You know you're ready for Veterans Rugby when...

Your conversations with the guys at the rugby club mostly start with "...in my day...";

More than half your team are more than half your age;

You can remember being penalised for lifting in the lineouts;

You can remember when a try was worth 4 points;

Your team mates congratulate you when you make it through the warm up;

Everything hurts and what doesn't hurt, doesn't work;

It takes longer to recover than it did to get tired;

You spend more on strapping in a season than you do on beer;

You find yourself popping ibruprofen pills before kick off;

Your idea of weight lifting is standing up;

You wonder how you could be over the hill when you don't even remember reaching the top.

Thursday, 15 May 2008

Bean counter to blame

Theobald Grimm, an accountant at the RFU, today admitted that he was to blame for the current pay dispute between his employer and the England rugby team.

England players are currently paid £9,000 per game regardless of the result and are reportedly unhappy with RFU proposals to make pay more dependent on win bonuses and how the England team perform in the Six Nations and World Cup.

However, Grimm - who has worked at the RFU since qualifying as an accountant in 1898 - today confessed that it had been his idea in 2003 to get rid of win bonuses and pay the England players an upfront fee.

"Five years ago England were beating everyone they played," he said. "It occurred to me that we could save a few shillings by not paying win bonuses and by giving the players a lump sum instead.

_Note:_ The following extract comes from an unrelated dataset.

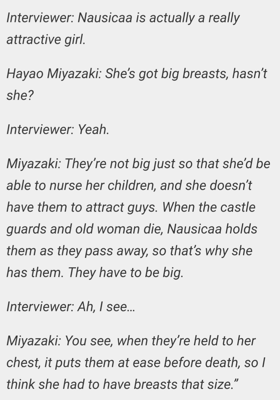 >>286695695Hayao Miyazaki>fucking otaku ruining Anime with their perversionsAlso Miyazaki>I gave this teenage girl fat titties for an important plot reason IT'S NOT PERVERTED OKAY?!?!

I took the idea to Francis Baron who nearly bit my hand off - he was delighted with the idea and soon claimed it as his own.

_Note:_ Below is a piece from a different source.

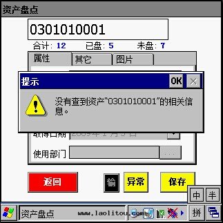 l 对(duì)于(yú)手(shǒu)持(chí)中(zhōng)不存在(zài)的(de)資産,系(xì)統将弹出(chū)如(rú)下(xià)图(tú)提(tí)示信(xìn)息。如(rú)果(guǒ)确認該資産尚未录(lù)入(rù)資産管(guǎn)理(lǐ)系(xì)統中(zhōng),用(yòng)戶可(kě)以(yǐ)使用(yòng)手(shǒu)持(chí)的(de)現(xiàn)场(chǎng)抄号(hào)功能将該資産臨时(shí)記(jì)录(lù)下(xià)来(lái),然後(hòu)利用(yòng)PC機(jī)上(shàng)的(de)抄号(hào)導出(chū)功能記(jì)录(lù)到(dào)Excel表(biǎo)格中(zhōng)。

"Unfortunately the England team has been more or less rubbish ever since which has meant that we've effectively overpaid the players - we'd certainly have saved more if they'd been on a performance related package," he continued. "And sadly for me Mr. Baron now says that it wasn't his idea at all and the blame has been squarely laid at my door."


It is expected that Grimm, who is on a rolling one year contract, will be removed from his position shortly and offered the role of Head of Pocket Money for the England Under 16 squad.

Rugby - for Aliens

Imagine an alien landing on this planet and the first person he bumps into is a rugby player who decides to introduce his new extra-terrestrial friend to the sport of rugby.

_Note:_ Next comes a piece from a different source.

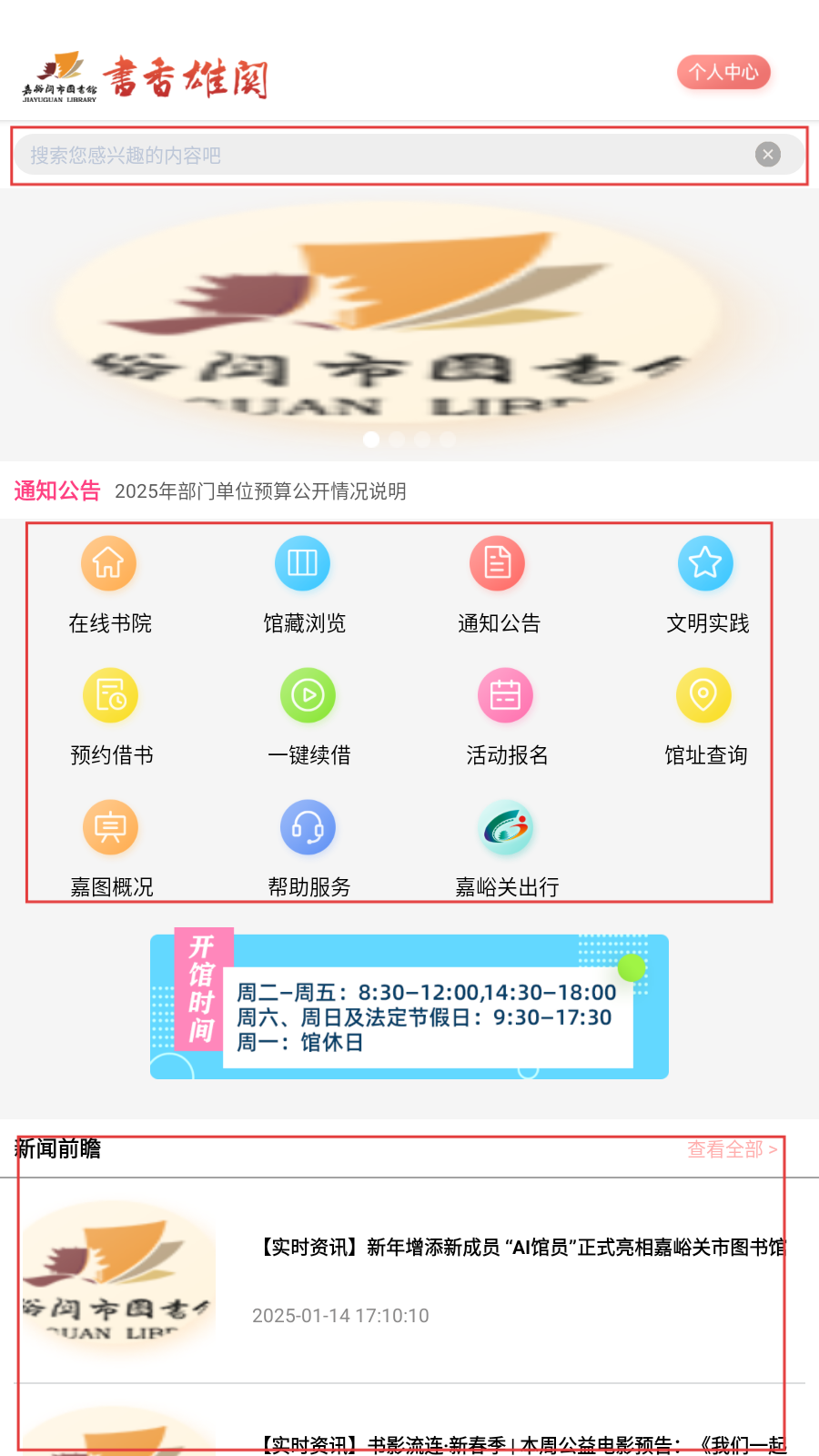 4、图书馆服务集成:提供馆藏查询、分馆地址导航、借阅记录查询、图书续借与预约等全流程图书馆服务功能。

"So how is the game played, what are the rules?" asks the alien (obviously via some kind of universal translator - I doubt they all speak English).

"Well, it's a little complicated," replies the rugby player. "In the northern hemisphere we're playing to normal rugby laws, those we've played under for years with the occasional tweak here and there. It seems to work pretty well and this season in particular we've seen some fantastically exciting rugby in our domestic competitions.

"However," he continues, "world rugby's governing body has decided that the sport needs to be made 'more exciting' - particularly for Australian couch potatoes - so they've introduced a whole bunch of experimental new laws, some of which are being trialled in the southern hemisphere's premier provincial competition called the Super 14.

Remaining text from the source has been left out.